Sean Trane
As the decade is drawing near, Santana was moving more out of his pure jazz-rock era, probably realizing the style was starting to exhaust its possibilities. The album does veer a slight bit towards the funky (and even a bit disco) with a typoical Spencer Davis touch with Greg Walker’s Winwood-styled vocals.
While the album starts out surprisingly on a Traffic cover of Dealer (good but not as good as the original) and ending on a cool Spanish outro, Move On is now a typical Santana track that mixes Winwood-souled vocals with that typicvally aerial latin-fusion the group had developped over the last four years. The surprisingly funky (dare I say almost disco-ish) One Chain is hardly insufferable though, but the more calm but still funky Stormy is rather bland.
Side 2 starts out with another Winwood classic followed by a harder Open Invitation reminding a bit the early-days Steve Perry Journey, but nothing infuriating either. The Lady/Holiday couple is bringing us back towards Amigos, while the funky Facts Of love is again flirting with a funky Winwood influence.. The closing percussive Wham! is almost a return to the first three albums albeit slightly modernized, and might just be my fave on the album.

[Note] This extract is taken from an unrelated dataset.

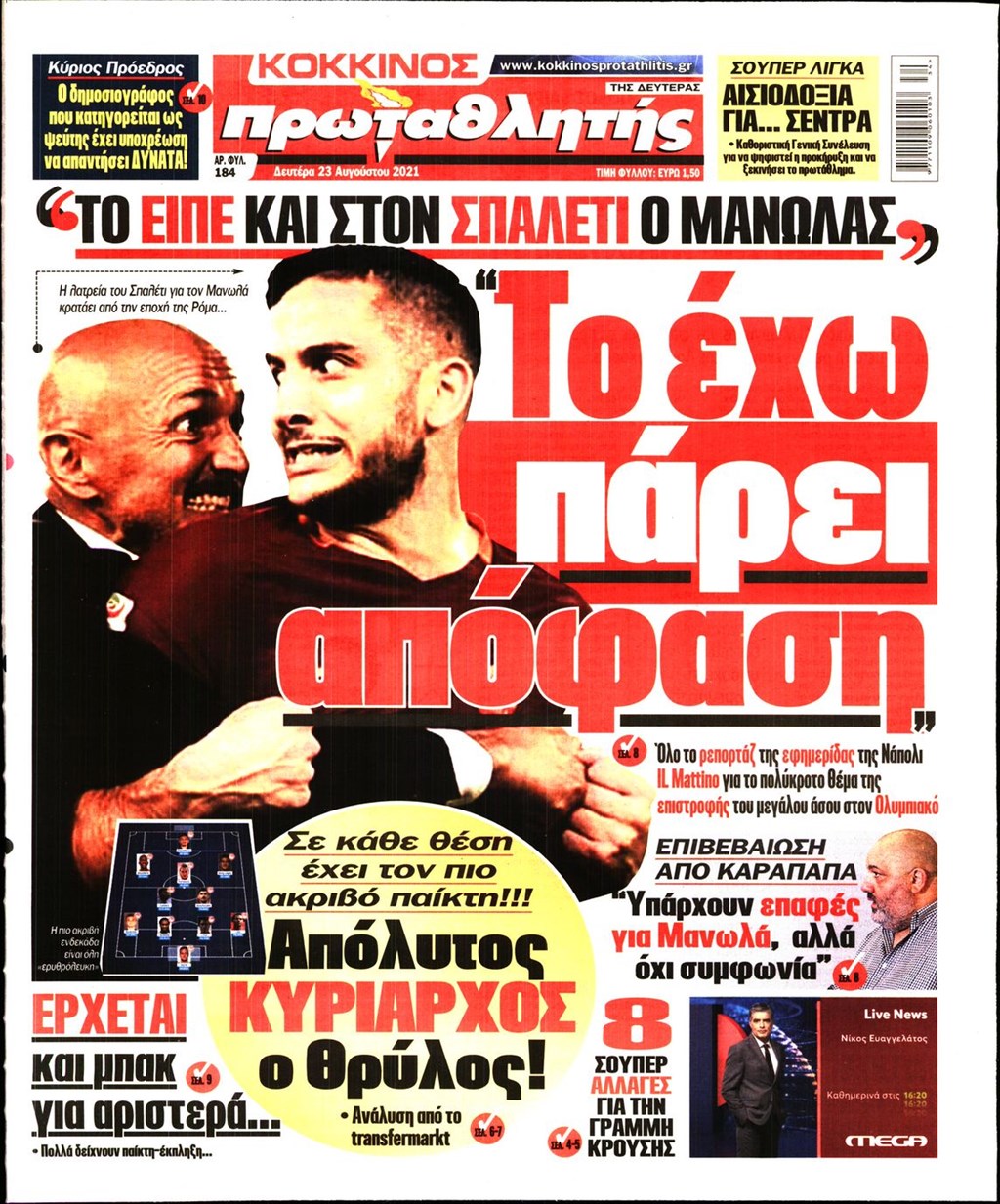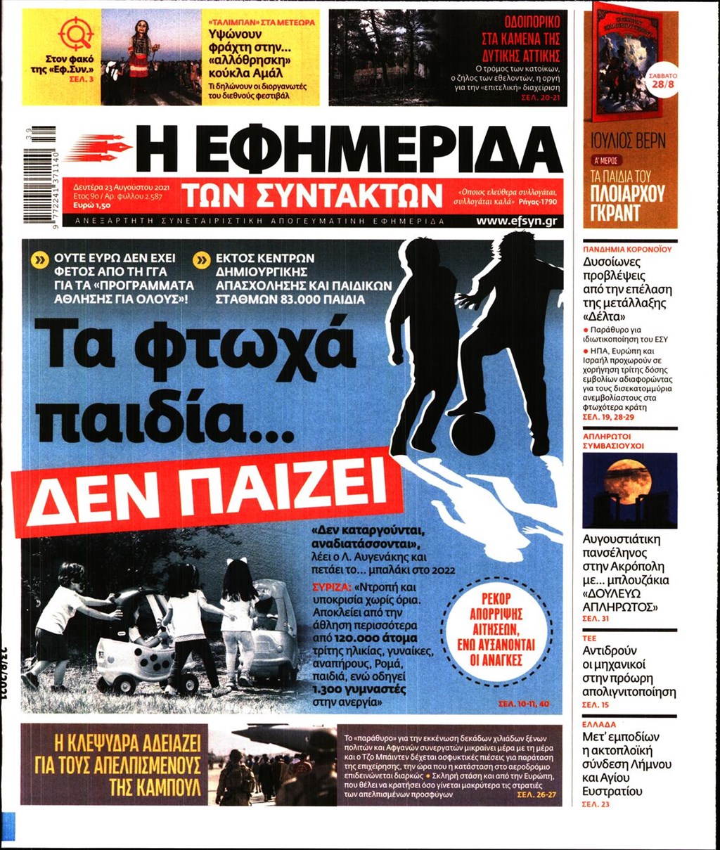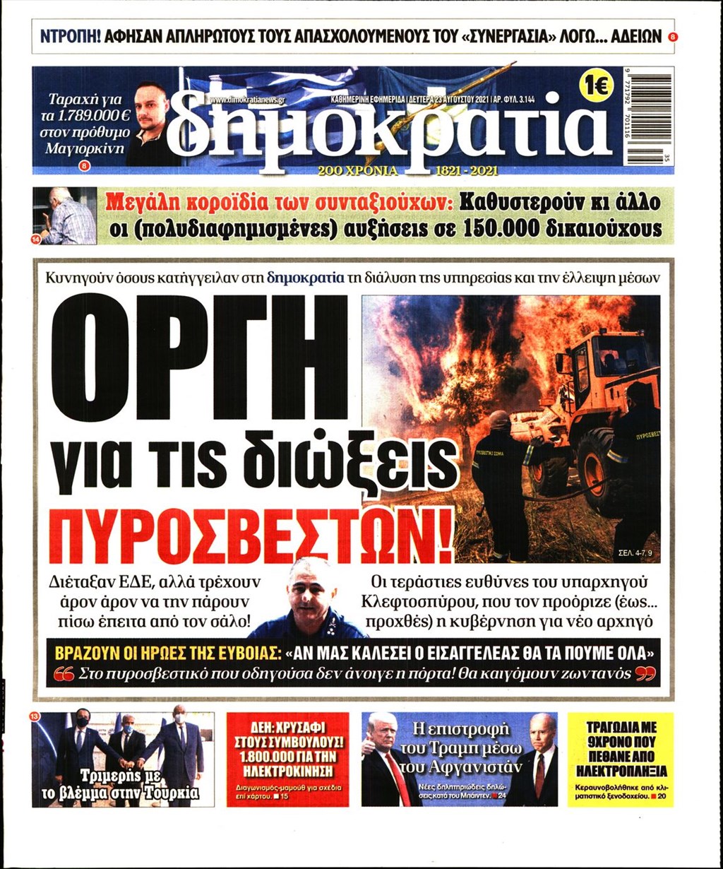 Τα πρωτοσέλιδα των εφημερίδων 23 Αυγούστου

By then end of the album, one can only be a tad irritated at the too-numerous Winwood references from Spencer Davis to Traffic, but this is clearly due to Dennis Lambert’s production also as he collaborated to three songs also, earning a co-credit for each. Not one of Santana’s most original album, not one of his worst either. Only really flawed by the heavily-slanted singing, this remains a good Santana album, just not an essential one.